Die Rauschzustände mit delierender Kamera einfangen

■ »Wild in the Streets« — Ein Drogen-Movie aus den Sechzigern im Eiszeit

Wie allgemein bekannt ist, gab es ab Mitte der sechziger Jahre eine ganze Menge Leute, die zu viele verbotene Substanzen zu sich nahmen und deshalb etwas weicher in der Birne wurden, als ihnen guttat. Das Absurdeste an der Situation war allerdings, daß ausgerechnet diejenigen, die solche Mittel nicht konsumierten, sich durch diese Kindsköpfe ernstlich bedroht fühlten.

Drogen waren schon seit der Stummfilmzeit ein beliebtes Filmthema, weil sie die Möglichkeit boten, Sex, Gewalt und andere Widerlichkeiten darzustellen, aber gleichzeitig per pseudoaufklärerisch erhobenem Zeigefinger durch die Zensur zu rutschen.
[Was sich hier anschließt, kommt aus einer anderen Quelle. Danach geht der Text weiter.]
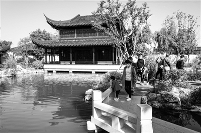 10月8日,旅客在阳澄湖服务区内参观园林景观。当日是国庆长假最后一天,多地铁路、公路迎来客流返程高峰。位于沪宁高速公路苏州段的阳澄湖服务区于2019年5月完成升级改造,通过大型水景等元素还原“诗画江南”意境,成为当地的“新景点”。 新华社发
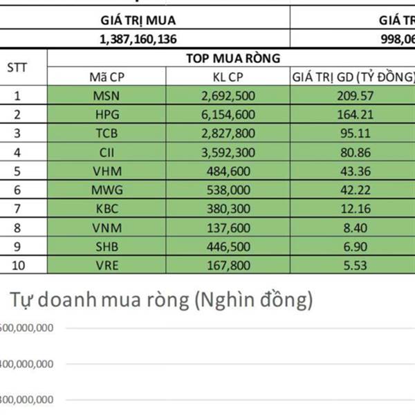 Nay tự doanh lại ăn vã: 5 triệu cổ, top 1 mua dòng luôn. Thế là 3 hôm tự doanh mua dòng top đầu liên tiếp!
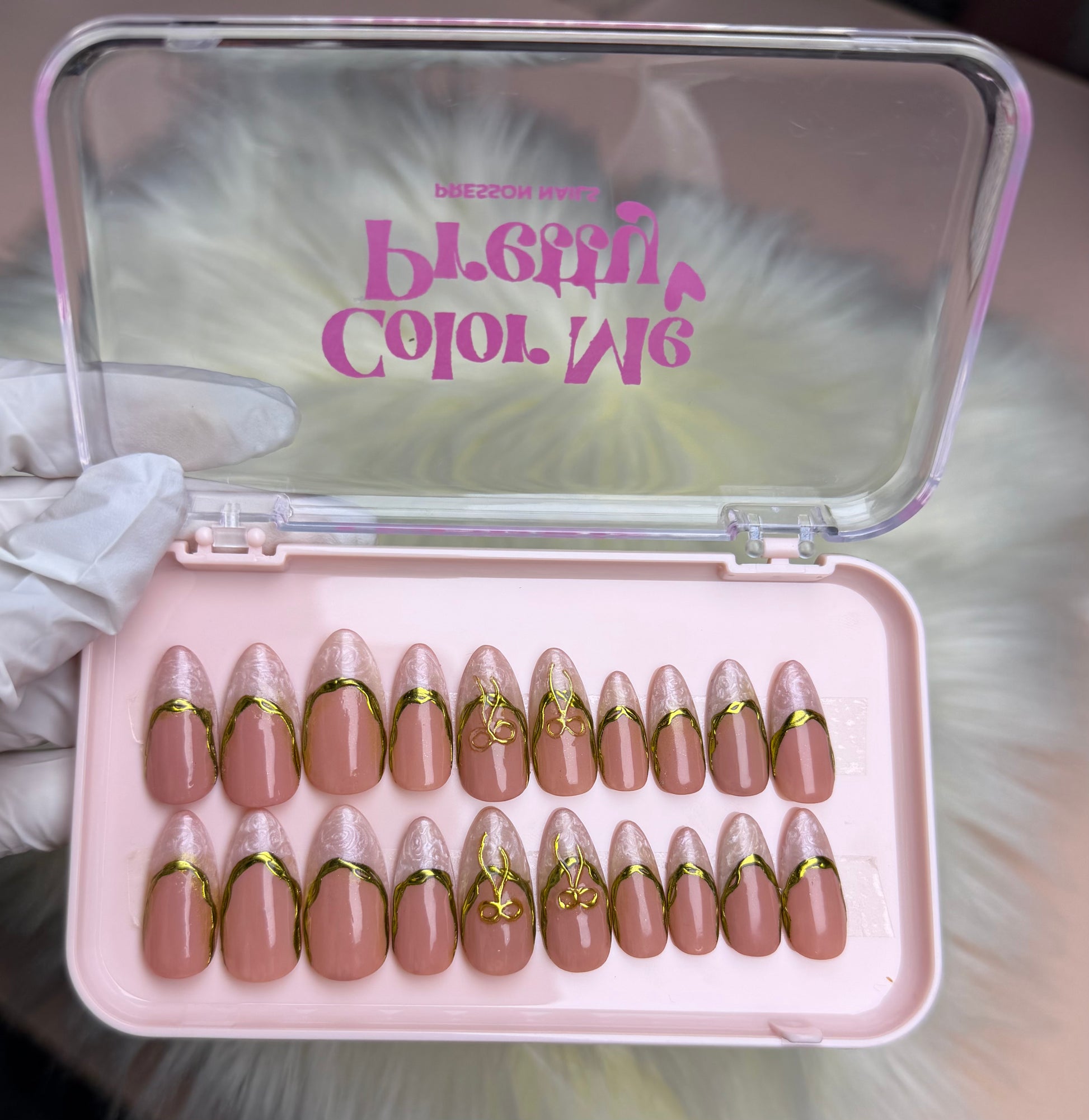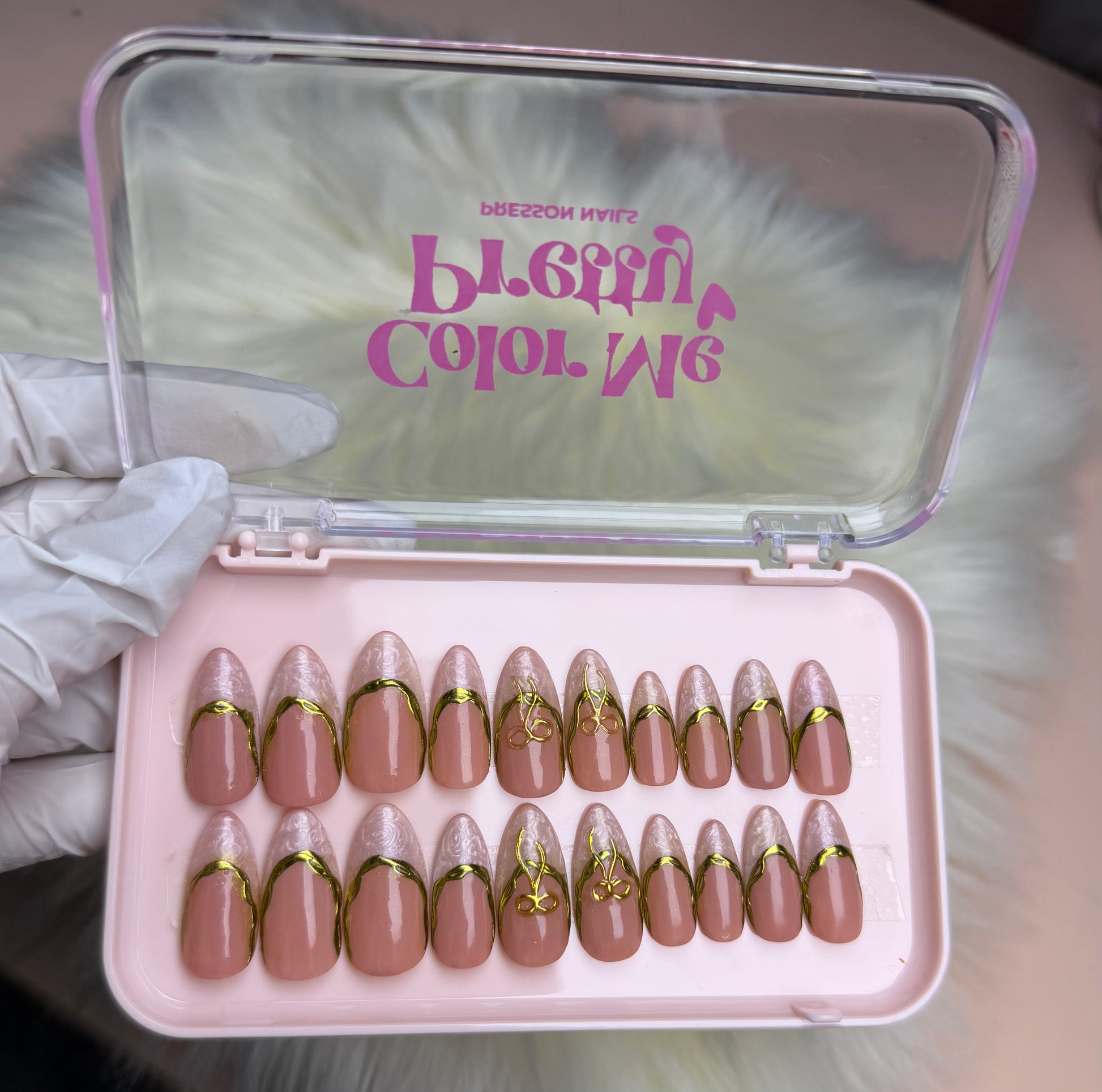 This radiant chrome set blends soft champagne hues with a high-shine metallic finish. Expertly buffed to achieve a mirror-like effect, these nails glow effortlessly under light. Perfect for parties, weddings, and celebrations that call for subtle glamour and elegance.
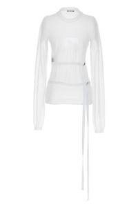 cod. 2301WKN41KN008001 B fastening' sweater in a transparent effect cotton blend with crewneck, lace up detail and buckles. Color: White Material: 82% cotton 18% polyamide Made in: Italy Size &Fit: True to size fit
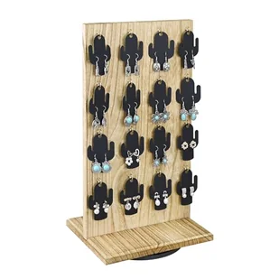 Ikee Design Drewniany obrotowy dwustronny stojak na biżuterię, obrotowy organizer z 32 haczykami do przechowywania, ekspozycja na pęku kluczy z haczykami, kolor dębu, 25 szer. x 18,5 cm gł. x wys

Damals waren Kokain und Opium der Vorwand. 1959, als LSD noch weithin unbekannt war, stellte Vincent Price in The Tingler den allerersten Acid-Rausch auf Leinwand dar. Als LSD schließlich modern geworden war, nutzten viele Filmemacher diese Möglichkeit, Kinobesucher zu schockieren. Ein eigenes Genre entstand, in dem versucht wurde, die Rauschzustände mit einer delirierenden Kamera, Fischaugenobjektiven, Doppelbelichtungen und eingefärbten Negativen darzustellen.

Roger Cormans The Trip, geschrieben von Jack Nicholson, mit Peter Fonda und Dennis Hopper in den Hauptrollen, war der kommerzielle Höhepunkt des Genres, das ohne die Hippie-Bewegung nicht denkbar gewesen wäre. Aber auch die Schlußsequenz eines Klassikers wie 2001 — Odyssee im Weltraum ist eindeutig beeinflußt von den LSD- Movies der Sechziger.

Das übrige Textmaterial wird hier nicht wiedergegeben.